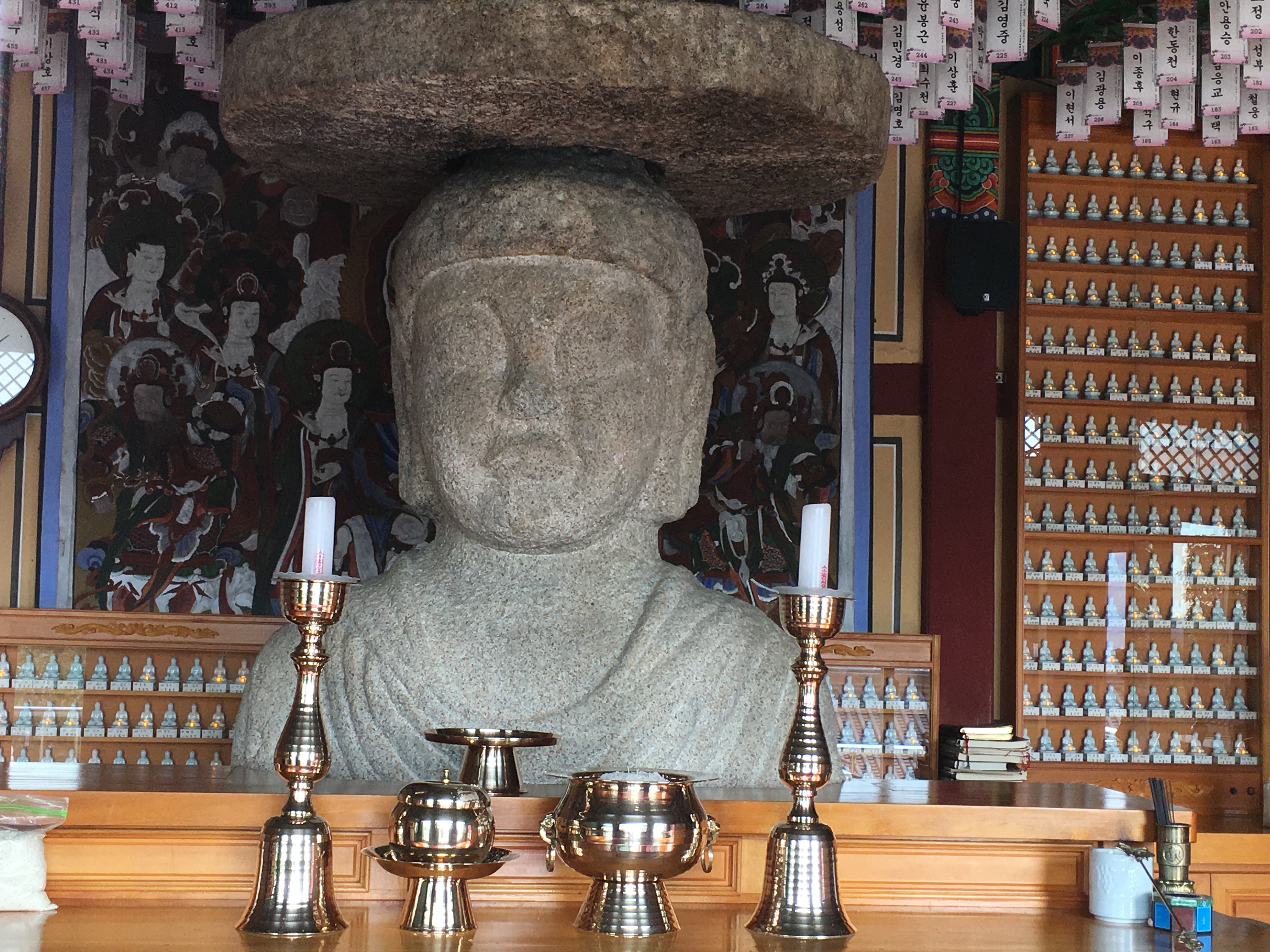 아무리 봐도 이런 불상은 주로 실외에서 발견할 수 있는 돌불상이 법당 안에 있다.
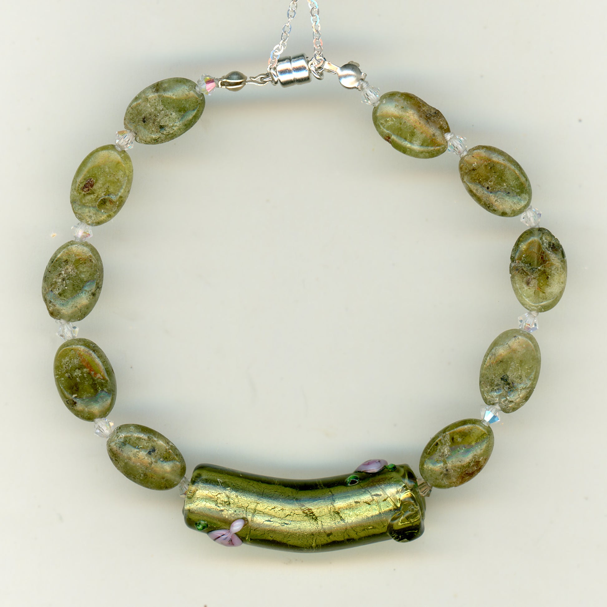 India glass silver foil elbow rose bead is hand-knotted with grossular green garnet oval beads. They are accented with Aurora Borialis crystal bicones. The findings and magnetic clasp with safety chain are sterling silver. Length: 7 inches.
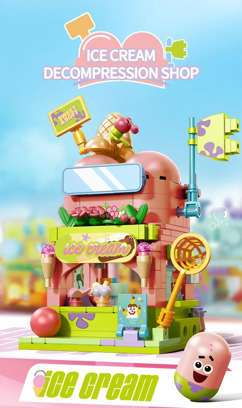 🧱 SpongeBob SquarePants Building Blocks Double Layer Street Scene – Hamburger House, Ice Cream Shop & Art Gallery Bricks Set Kid Toys 🍔🍦🎨
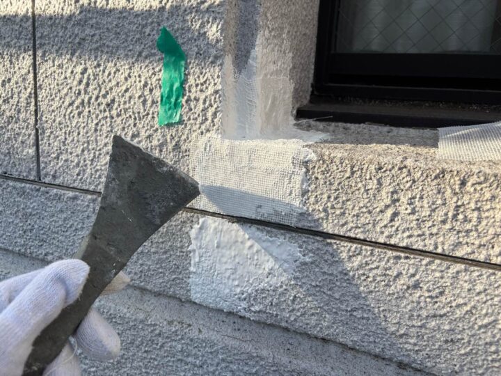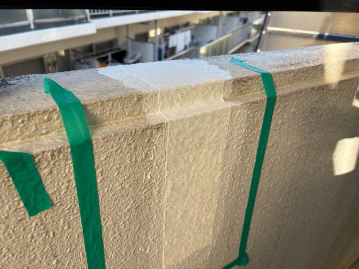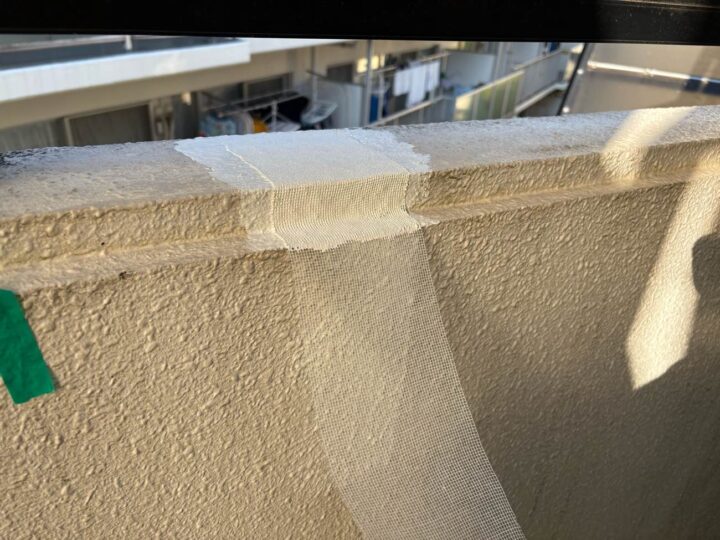 補修材を塗布し、補強メッシュをはりつけます。 -
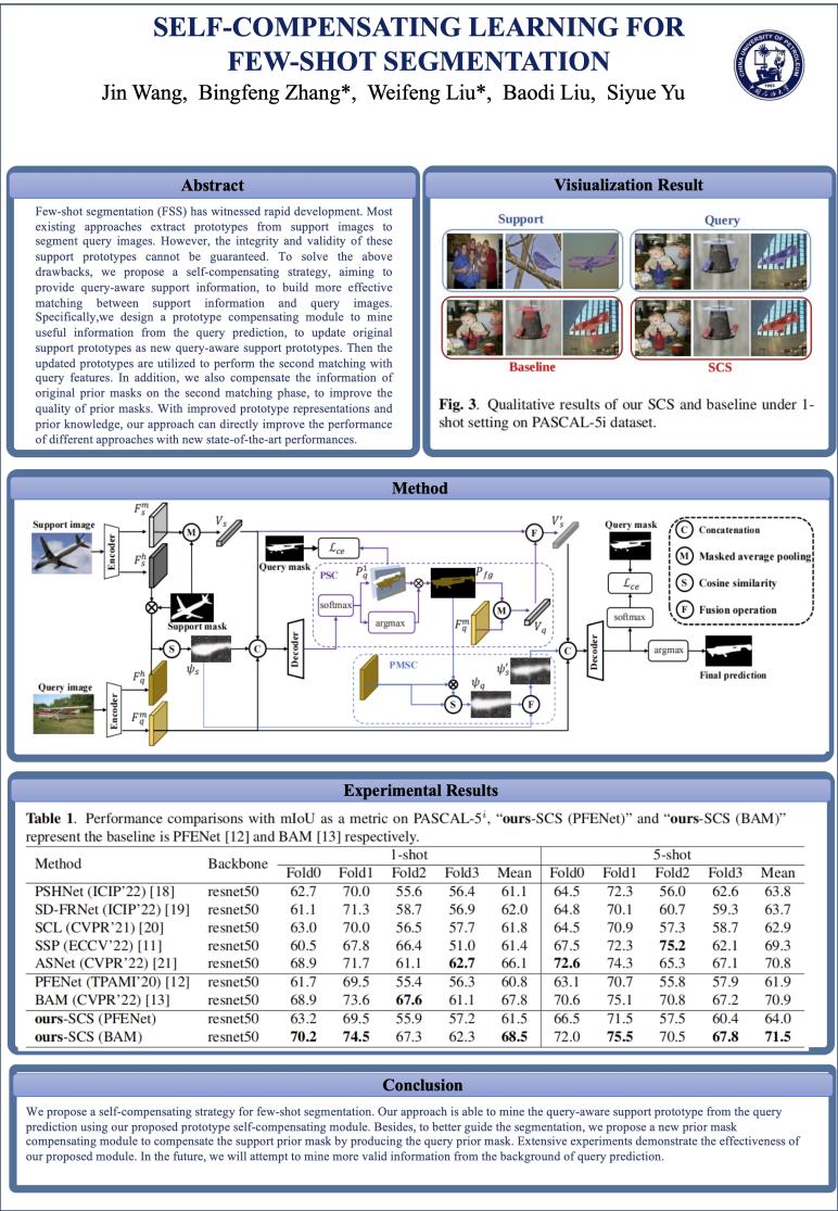 論文信息:J. Wang, B. Zhang, W. Liu, B. Liu and S. Yu, "Self-Compensating Learning for Few-Shot Segmentation," 2023 IEEE International Conference on Image Processing (ICIP), Kuala Lumpur, Malaysia, 2023, p
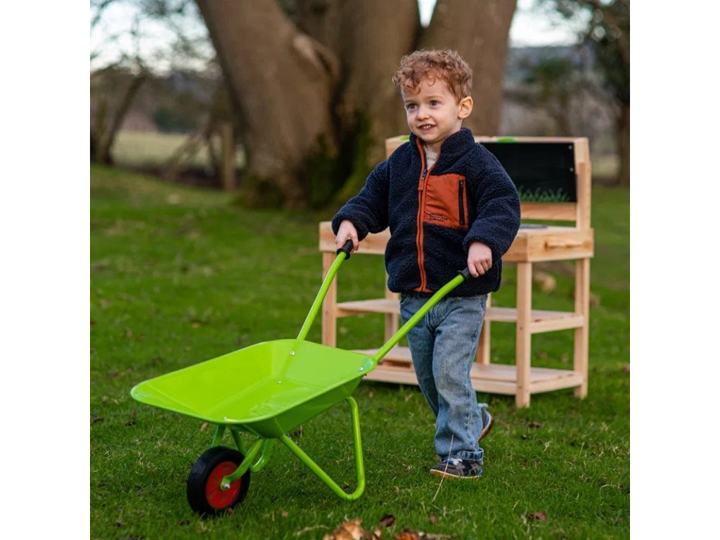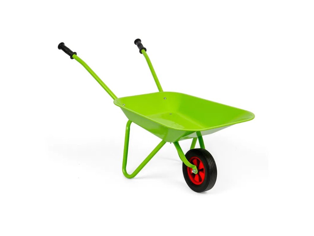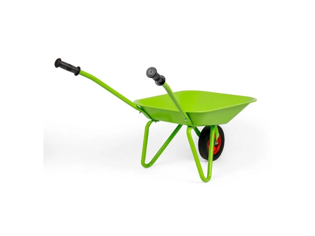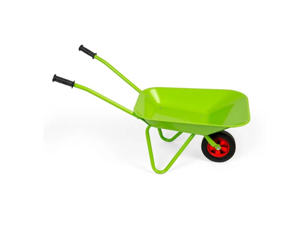 Šikovná děvčátka i chlapci jistě rádi pomohou s různými pracemi na zahradě, když budou mít k dispozici svoje vlastní zahradní kolečko! Ať už budou převážet květiny, zeminu nebo své oblíbené plyšáky, veselé zelené kolečko je připraveno vyrazit do akce. Kolečko je navrženo tak, aby vydrželo roky hraní venku, má robustní gumové kolo a dvě snadno uchopitelné rukojeti vhodné pro malé dětské ruce. Zahradničení a péče o květiny v dětech podporuje pocit zodpovědnosti a přináší jim radost z práce a pomoci ostatním. Zahradní kolečko je součástí řady barevných hraček na zahradu. Je vyrobeno z prvotřídních materiálů a barveno netoxickými barvami a laky. Splňuje aktuální evropské bezpečnostní normy.

* _What to work on_
Copy word for word every line from the start of the material through the line holding "India glass silver". The pictures are not part of the copy.

* _Result for this task_
 아무리 봐도 이런 불상은 주로 실외에서 발견할 수 있는 돌불상이 법당 안에 있다.
 India glass silver foil elbow rose bead is hand-knotted with grossular green garnet oval beads. They are accented with Aurora Borialis crystal bicones. The findings and magnetic clasp with safety chain are sterling silver. Length: 7 inches.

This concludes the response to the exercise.